■ Exercise instructions
Make an exact copy, from the records below, of the lines from the line containing "- Inilah hasilnya" to the line containing "R.S. BILANCE s.n.c.", both lines included, excluding pictures.

■ Provided data
[Start of section]

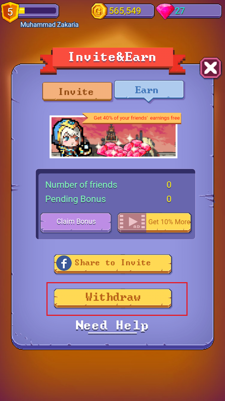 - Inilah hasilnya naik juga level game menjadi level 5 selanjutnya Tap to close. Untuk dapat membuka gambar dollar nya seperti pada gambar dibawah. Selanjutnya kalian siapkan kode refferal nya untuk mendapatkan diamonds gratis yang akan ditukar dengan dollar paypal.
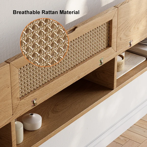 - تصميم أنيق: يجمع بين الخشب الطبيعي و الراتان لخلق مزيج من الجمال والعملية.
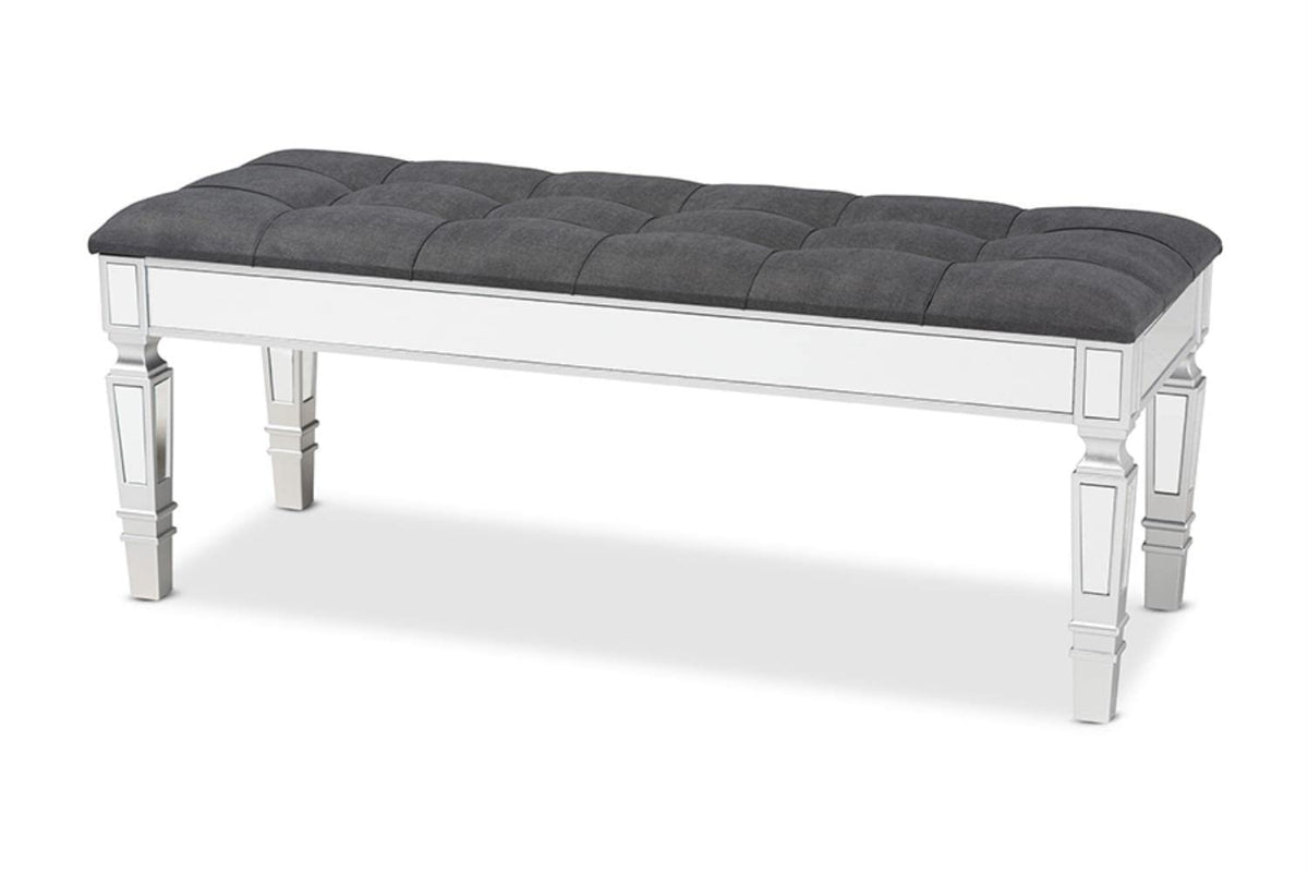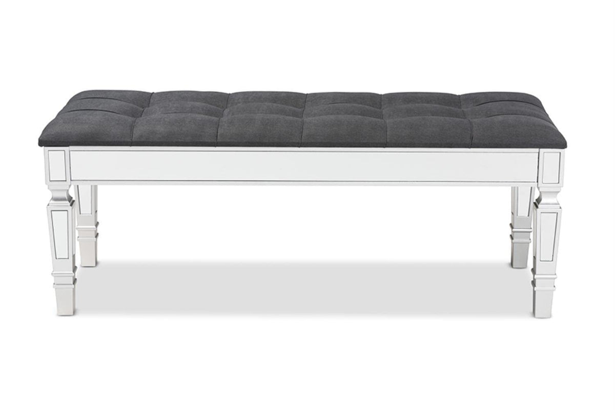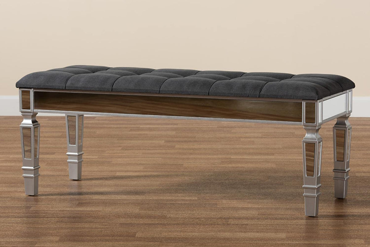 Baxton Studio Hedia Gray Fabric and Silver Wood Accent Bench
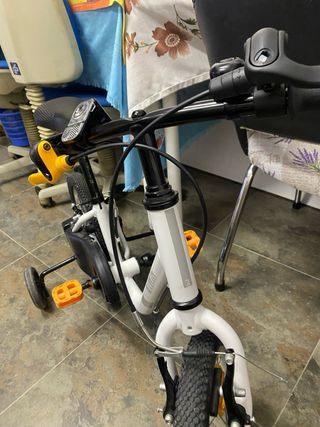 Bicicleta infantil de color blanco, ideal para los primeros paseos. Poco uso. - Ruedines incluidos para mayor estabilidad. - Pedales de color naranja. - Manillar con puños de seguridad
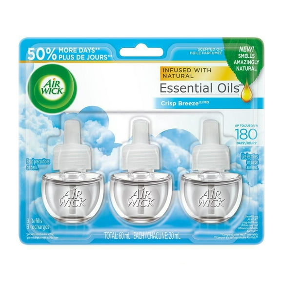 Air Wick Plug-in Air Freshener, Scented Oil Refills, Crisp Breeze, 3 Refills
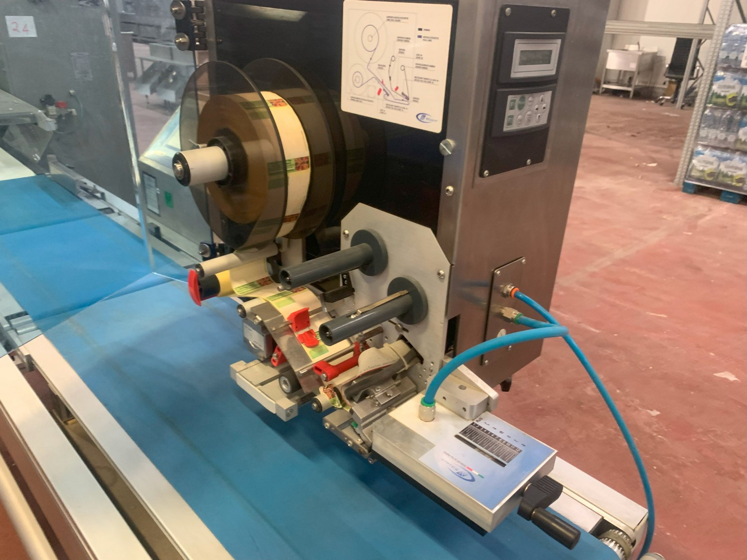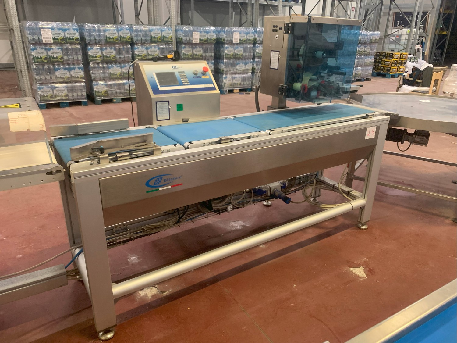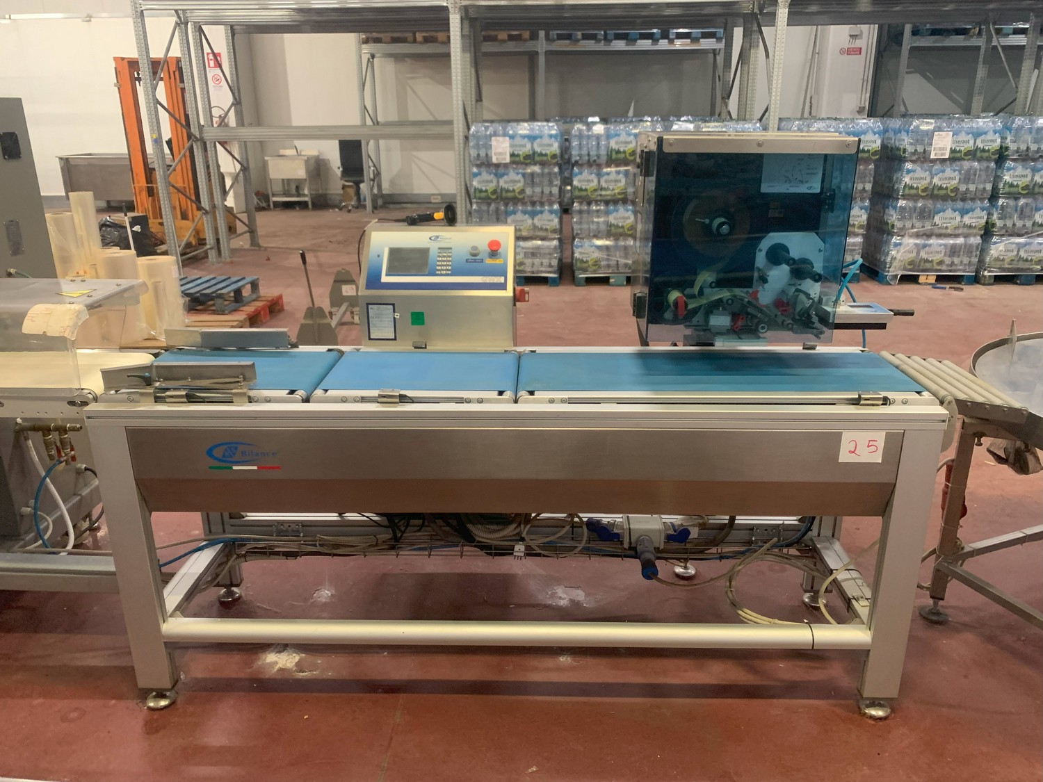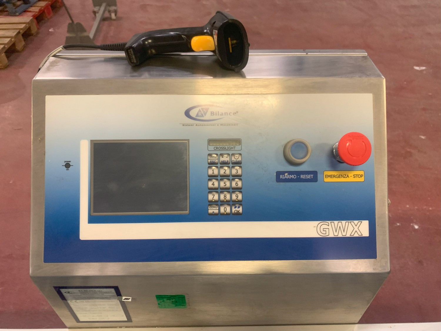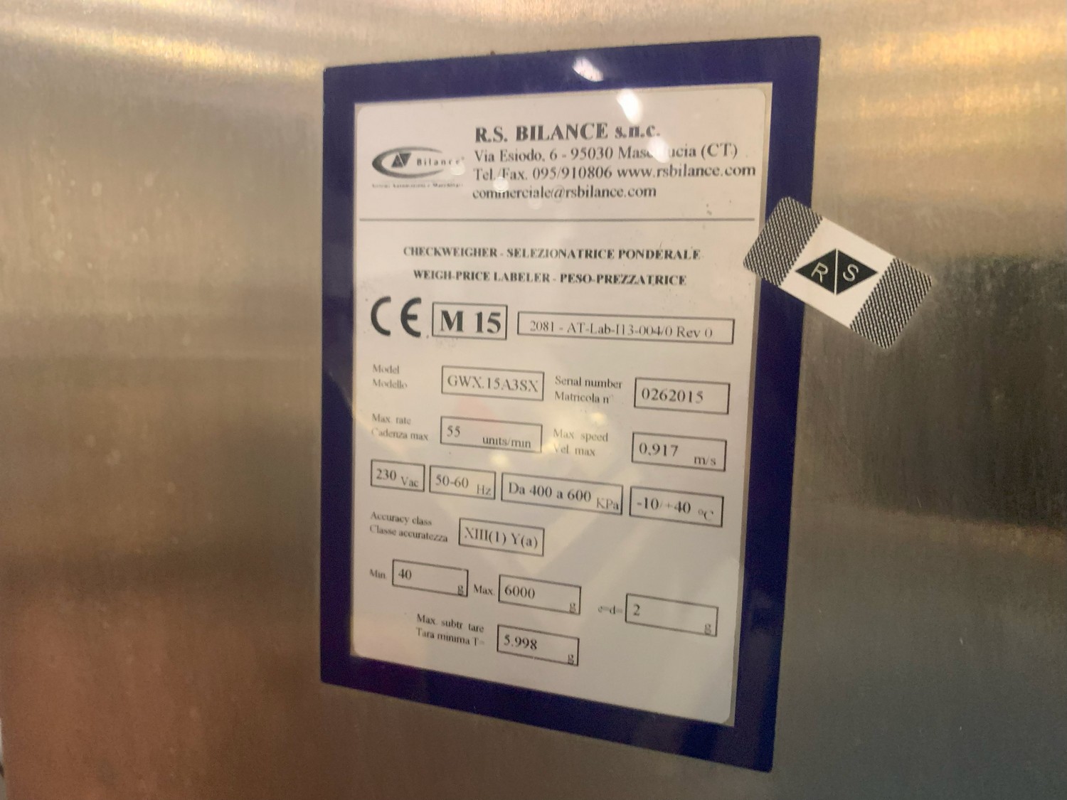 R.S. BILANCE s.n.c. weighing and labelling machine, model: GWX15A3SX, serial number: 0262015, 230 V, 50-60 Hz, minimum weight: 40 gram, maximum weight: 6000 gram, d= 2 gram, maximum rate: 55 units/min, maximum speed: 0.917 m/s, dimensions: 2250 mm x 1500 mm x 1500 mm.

[End of section]
[Start of section]

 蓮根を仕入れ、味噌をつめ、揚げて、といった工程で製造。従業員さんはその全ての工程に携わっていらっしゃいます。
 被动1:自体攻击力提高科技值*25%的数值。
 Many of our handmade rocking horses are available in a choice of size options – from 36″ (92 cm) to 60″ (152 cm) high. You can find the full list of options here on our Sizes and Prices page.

[End of section]
[Start of section]

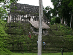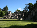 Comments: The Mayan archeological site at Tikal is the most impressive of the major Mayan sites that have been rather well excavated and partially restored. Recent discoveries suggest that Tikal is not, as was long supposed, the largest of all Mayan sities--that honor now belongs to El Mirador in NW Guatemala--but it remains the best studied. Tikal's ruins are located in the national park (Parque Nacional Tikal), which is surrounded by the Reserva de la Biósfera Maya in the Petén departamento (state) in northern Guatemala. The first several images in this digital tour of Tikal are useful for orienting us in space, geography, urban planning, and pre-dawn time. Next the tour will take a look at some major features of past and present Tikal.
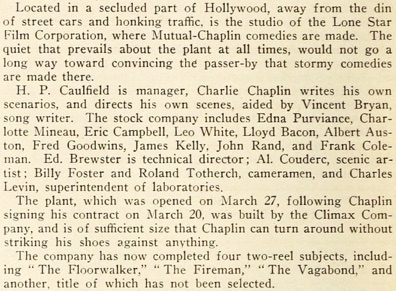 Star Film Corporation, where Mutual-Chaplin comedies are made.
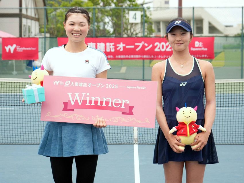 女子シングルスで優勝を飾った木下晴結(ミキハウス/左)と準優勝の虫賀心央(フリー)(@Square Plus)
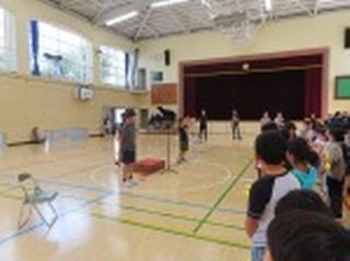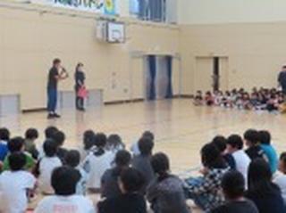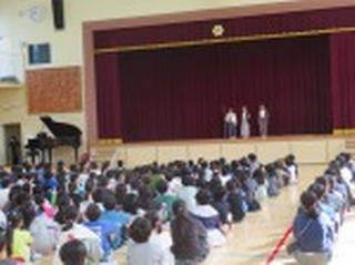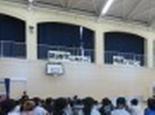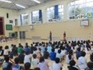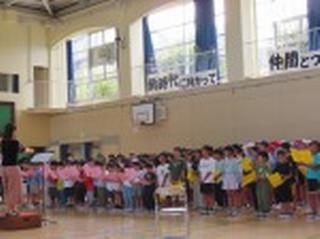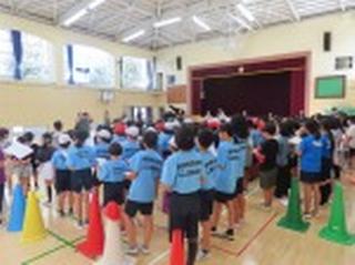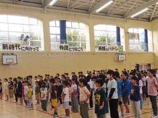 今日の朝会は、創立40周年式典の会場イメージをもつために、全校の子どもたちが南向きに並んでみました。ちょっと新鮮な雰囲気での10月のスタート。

[End of section]

■ Problem solution
 - Inilah hasilnya naik juga level game menjadi level 5 selanjutnya Tap to close. Untuk dapat membuka gambar dollar nya seperti pada gambar dibawah. Selanjutnya kalian siapkan kode refferal nya untuk mendapatkan diamonds gratis yang akan ditukar dengan dollar paypal.
 - تصميم أنيق: يجمع بين الخشب الطبيعي و الراتان لخلق مزيج من الجمال والعملية.
 Baxton Studio Hedia Gray Fabric and Silver Wood Accent Bench
 Bicicleta infantil de color blanco, ideal para los primeros paseos. Poco uso. - Ruedines incluidos para mayor estabilidad. - Pedales de color naranja. - Manillar con puños de seguridad
 Air Wick Plug-in Air Freshener, Scented Oil Refills, Crisp Breeze, 3 Refills
 R.S. BILANCE s.n.c. weighing and labelling machine, model: GWX15A3SX, serial number: 0262015, 230 V, 50-60 Hz, minimum weight: 40 gram, maximum weight: 6000 gram, d= 2 gram, maximum rate: 55 units/min, maximum speed: 0.917 m/s, dimensions: 2250 mm x 1500 mm x 1500 mm.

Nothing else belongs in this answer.